Joe Dallet and Steve Nelson are now in Albacete and both will be involved in the setting up of the second American Battalion, called the Washington Battalion.  The Nelson/Dallet group that came in from France were delayed by being jailed three weeks in France prior to being allowed to “leave France”, which they did across the Pyranees. Dallet reported the story in his memoir “Letters from Spain” (available at the link online). The Lincoln and Washington Battalions would have separate identities until the middle of the summer.
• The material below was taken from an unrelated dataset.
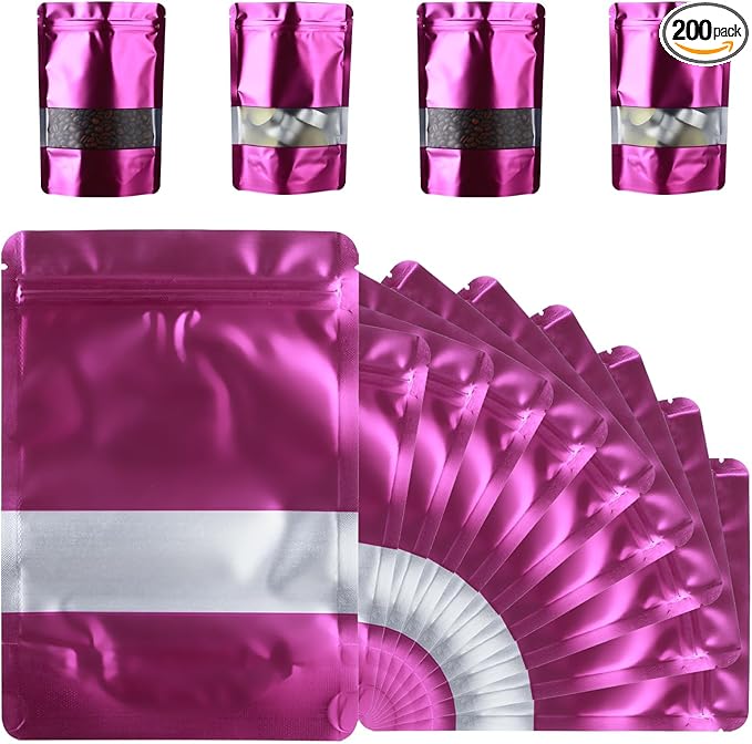 200 Pcs Mylar Bags for Food Storage 5x8 Mylar Bag with Window, Foil Stand Up Resealable Bags for Food, Smell Proof Bag Freeze Dried Candy Packaging Sealable Pouch Jewelry Bracelet Pouch

Ripples of the fighting with the Anarchists and POUM in Barcelona are being felt at Albacete.  Platone expected trouble in Albacete, especially since large amounts of equipment and munitions are now arriving.  Merriman is told that they will have to increase the guard in Albacete.   Merriman says “more men should be here in Albacete”.  This may not be just related to the guard situation.  Arthur Timpson, who came into Spain during this week in 1937, relates:

About an hour later the truck stopped with a lot of voices about us.  Then the back flap {of the truck} was pulled aside and someone with a very seamed face, topped by a leather cap, looked in, gave us a brief scrutiny, and closed the flap.  I was sitting close to the rear and got a glimpse of a wall and a machine gun pointing carelessly in our general direction.  Two more of the leather-capped men were with the gun.  Our truck went ahead for another fifty yards.  Then we got out. We were in an immense square with barrack-like buildings all around.  There was the gate that we came through with two machine guns over the gate.  A half dozen more of the leather caps were visible.  None of them looked friendly.  Someone, of the reception committee, I suppose, said “Anarchists.  We are POWs.
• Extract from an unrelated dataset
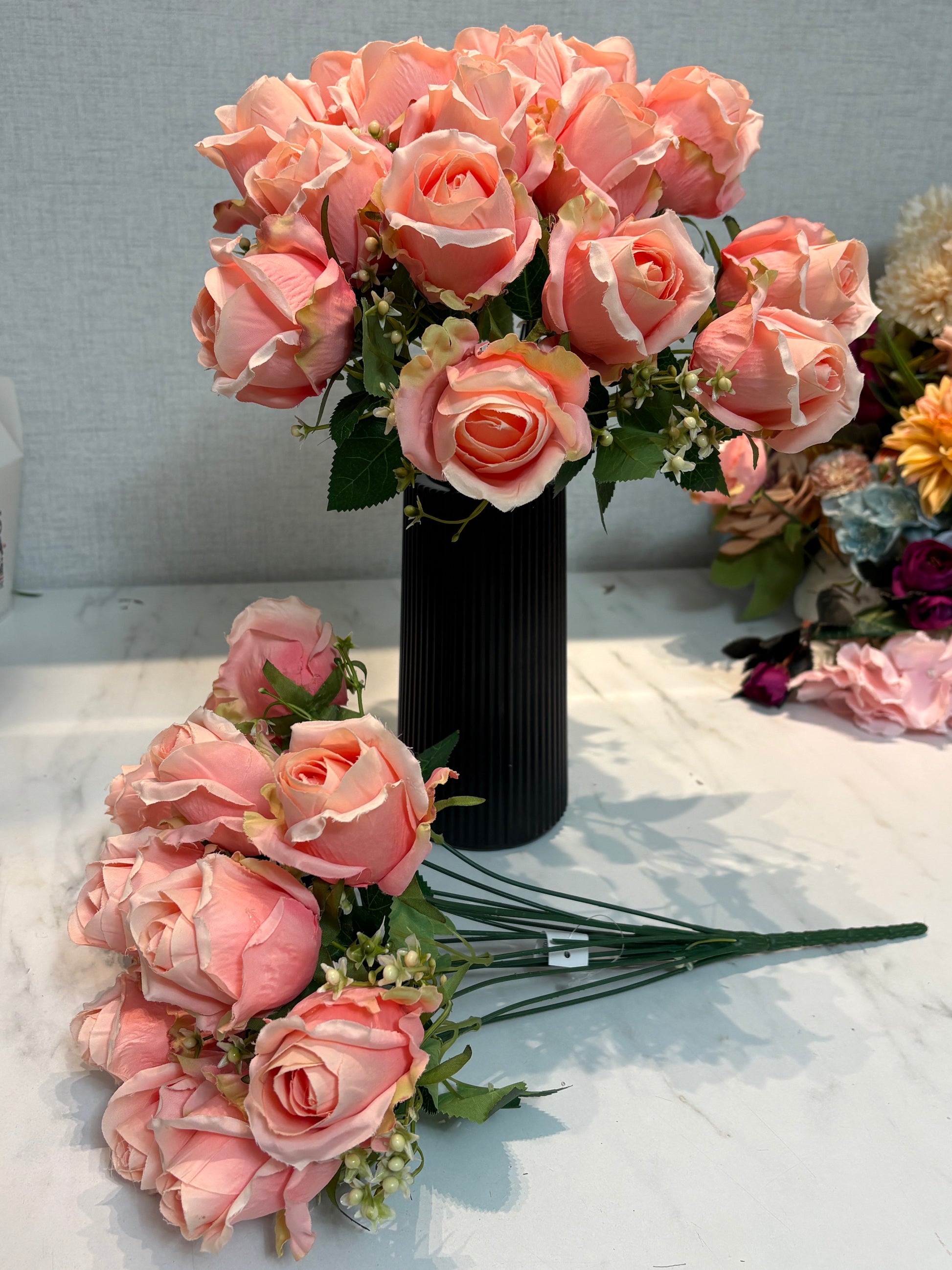 18 Kafalı Pudra Pembe Yapay Gül Demeti – Vazolusuz Dekoratif Çiçek

And so it was that on May 6, 1937, I became a prisoner in the fortress of Figueras”….  ²

The interception of Internationales and their being held as “Prisoners of War” by the Anarchists in Figueras would have been a significant wake up call for the Brigade Staff in Albacete.  Having their lifeline of new recruits cut off would have been most worrying. Timpson was held for a few days and released on to Albacete.

Merriman tells us that he is going on leave on May 11.
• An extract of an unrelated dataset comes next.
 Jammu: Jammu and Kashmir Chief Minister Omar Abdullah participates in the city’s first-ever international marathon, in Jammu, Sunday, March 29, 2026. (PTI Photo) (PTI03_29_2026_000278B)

________________________________

¹ Richard Baxell, Unlikely Warriors: The British in the Spanish Civil War and the Struggle for Spain 1936-1939, ibid., pg 246.  (from Comintern Archives 546/3/438/72)

² Arthur Timpson, “An Encounter with the Anarchists in Figueras” in Our Fight, Writings by Veterans of the Abraham Lincoln Brigade, SPAIN, 1936-1939, ibid., p 90.